## Instructions for the task
Give again, word for word, every line in the entries below from the line with "I brought some" up to and including the line with "Arithmetic Word Problem", and no other line.
--- START ---
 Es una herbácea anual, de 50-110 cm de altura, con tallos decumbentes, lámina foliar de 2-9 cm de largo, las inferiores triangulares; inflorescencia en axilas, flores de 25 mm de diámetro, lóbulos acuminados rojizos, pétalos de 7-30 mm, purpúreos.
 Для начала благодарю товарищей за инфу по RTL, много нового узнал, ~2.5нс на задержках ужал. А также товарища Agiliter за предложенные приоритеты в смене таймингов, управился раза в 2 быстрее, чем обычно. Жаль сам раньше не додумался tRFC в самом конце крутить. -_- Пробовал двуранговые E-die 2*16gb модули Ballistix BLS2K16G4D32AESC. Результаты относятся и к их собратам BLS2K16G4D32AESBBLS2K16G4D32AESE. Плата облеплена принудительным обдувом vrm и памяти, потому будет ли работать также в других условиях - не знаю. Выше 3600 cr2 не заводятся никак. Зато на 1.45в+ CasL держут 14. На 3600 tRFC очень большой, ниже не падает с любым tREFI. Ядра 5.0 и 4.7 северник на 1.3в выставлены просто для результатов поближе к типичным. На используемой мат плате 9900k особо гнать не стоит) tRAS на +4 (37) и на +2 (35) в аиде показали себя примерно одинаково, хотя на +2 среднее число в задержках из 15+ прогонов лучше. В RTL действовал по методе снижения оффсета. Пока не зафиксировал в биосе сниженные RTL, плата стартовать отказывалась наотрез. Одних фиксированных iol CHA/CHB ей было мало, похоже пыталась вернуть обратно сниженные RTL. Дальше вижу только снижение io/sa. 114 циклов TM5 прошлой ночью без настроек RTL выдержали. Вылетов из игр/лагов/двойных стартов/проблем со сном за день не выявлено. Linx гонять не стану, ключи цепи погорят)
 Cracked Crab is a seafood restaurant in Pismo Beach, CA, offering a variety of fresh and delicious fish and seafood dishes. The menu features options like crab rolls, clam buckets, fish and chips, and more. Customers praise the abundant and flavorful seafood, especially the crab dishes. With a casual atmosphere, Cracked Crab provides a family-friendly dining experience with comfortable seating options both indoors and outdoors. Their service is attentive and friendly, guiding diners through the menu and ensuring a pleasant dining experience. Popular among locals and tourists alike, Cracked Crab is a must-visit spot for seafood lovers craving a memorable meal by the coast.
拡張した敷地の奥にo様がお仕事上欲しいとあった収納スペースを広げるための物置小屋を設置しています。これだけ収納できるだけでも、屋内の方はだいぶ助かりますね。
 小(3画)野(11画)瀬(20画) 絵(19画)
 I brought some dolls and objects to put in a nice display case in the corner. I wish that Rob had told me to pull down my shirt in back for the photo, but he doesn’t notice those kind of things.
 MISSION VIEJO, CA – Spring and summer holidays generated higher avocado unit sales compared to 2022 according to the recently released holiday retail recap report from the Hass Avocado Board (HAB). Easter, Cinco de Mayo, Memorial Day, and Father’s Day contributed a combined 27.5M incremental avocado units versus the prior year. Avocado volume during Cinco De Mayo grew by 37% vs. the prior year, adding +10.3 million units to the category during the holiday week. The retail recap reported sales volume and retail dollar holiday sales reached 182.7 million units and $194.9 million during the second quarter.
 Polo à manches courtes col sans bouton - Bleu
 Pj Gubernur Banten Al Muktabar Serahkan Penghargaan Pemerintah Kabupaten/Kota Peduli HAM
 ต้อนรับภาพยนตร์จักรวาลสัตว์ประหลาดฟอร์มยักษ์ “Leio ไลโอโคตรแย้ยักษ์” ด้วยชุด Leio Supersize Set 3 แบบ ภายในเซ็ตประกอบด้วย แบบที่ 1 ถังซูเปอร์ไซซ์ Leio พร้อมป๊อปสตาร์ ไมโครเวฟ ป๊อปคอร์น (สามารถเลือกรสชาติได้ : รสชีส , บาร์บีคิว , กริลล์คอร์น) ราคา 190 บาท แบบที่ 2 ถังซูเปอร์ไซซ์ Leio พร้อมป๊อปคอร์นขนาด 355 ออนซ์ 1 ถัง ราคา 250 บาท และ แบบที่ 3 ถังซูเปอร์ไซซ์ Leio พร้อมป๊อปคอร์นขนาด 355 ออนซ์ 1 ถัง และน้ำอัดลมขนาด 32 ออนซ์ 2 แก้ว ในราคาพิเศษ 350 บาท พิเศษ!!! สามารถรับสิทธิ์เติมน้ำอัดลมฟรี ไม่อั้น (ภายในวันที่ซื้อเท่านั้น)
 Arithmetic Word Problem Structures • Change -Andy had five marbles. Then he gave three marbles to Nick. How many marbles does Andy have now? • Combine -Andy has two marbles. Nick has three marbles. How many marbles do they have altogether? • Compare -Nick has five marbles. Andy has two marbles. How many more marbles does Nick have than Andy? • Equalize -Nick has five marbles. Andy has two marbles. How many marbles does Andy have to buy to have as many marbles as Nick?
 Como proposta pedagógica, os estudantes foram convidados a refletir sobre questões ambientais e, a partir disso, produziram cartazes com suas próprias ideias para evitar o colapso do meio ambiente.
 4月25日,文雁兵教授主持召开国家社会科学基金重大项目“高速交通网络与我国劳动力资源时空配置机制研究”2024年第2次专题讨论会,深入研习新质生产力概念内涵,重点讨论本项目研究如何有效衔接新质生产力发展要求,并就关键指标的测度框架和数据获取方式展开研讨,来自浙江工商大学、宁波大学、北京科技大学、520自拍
--- END ---
## Response for this exercise
 I brought some dolls and objects to put in a nice display case in the corner. I wish that Rob had told me to pull down my shirt in back for the photo, but he doesn’t notice those kind of things.
 MISSION VIEJO, CA – Spring and summer holidays generated higher avocado unit sales compared to 2022 according to the recently released holiday retail recap report from the Hass Avocado Board (HAB). Easter, Cinco de Mayo, Memorial Day, and Father’s Day contributed a combined 27.5M incremental avocado units versus the prior year. Avocado volume during Cinco De Mayo grew by 37% vs. the prior year, adding +10.3 million units to the category during the holiday week. The retail recap reported sales volume and retail dollar holiday sales reached 182.7 million units and $194.9 million during the second quarter.
 Polo à manches courtes col sans bouton - Bleu
 Pj Gubernur Banten Al Muktabar Serahkan Penghargaan Pemerintah Kabupaten/Kota Peduli HAM
 ต้อนรับภาพยนตร์จักรวาลสัตว์ประหลาดฟอร์มยักษ์ “Leio ไลโอโคตรแย้ยักษ์” ด้วยชุด Leio Supersize Set 3 แบบ ภายในเซ็ตประกอบด้วย แบบที่ 1 ถังซูเปอร์ไซซ์ Leio พร้อมป๊อปสตาร์ ไมโครเวฟ ป๊อปคอร์น (สามารถเลือกรสชาติได้ : รสชีส , บาร์บีคิว , กริลล์คอร์น) ราคา 190 บาท แบบที่ 2 ถังซูเปอร์ไซซ์ Leio พร้อมป๊อปคอร์นขนาด 355 ออนซ์ 1 ถัง ราคา 250 บาท และ แบบที่ 3 ถังซูเปอร์ไซซ์ Leio พร้อมป๊อปคอร์นขนาด 355 ออนซ์ 1 ถัง และน้ำอัดลมขนาด 32 ออนซ์ 2 แก้ว ในราคาพิเศษ 350 บาท พิเศษ!!! สามารถรับสิทธิ์เติมน้ำอัดลมฟรี ไม่อั้น (ภายในวันที่ซื้อเท่านั้น)
 Arithmetic Word Problem Structures • Change -Andy had five marbles. Then he gave three marbles to Nick. How many marbles does Andy have now? • Combine -Andy has two marbles. Nick has three marbles. How many marbles do they have altogether? • Compare -Nick has five marbles. Andy has two marbles. How many more marbles does Nick have than Andy? • Equalize -Nick has five marbles. Andy has two marbles. How many marbles does Andy have to buy to have as many marbles as Nick?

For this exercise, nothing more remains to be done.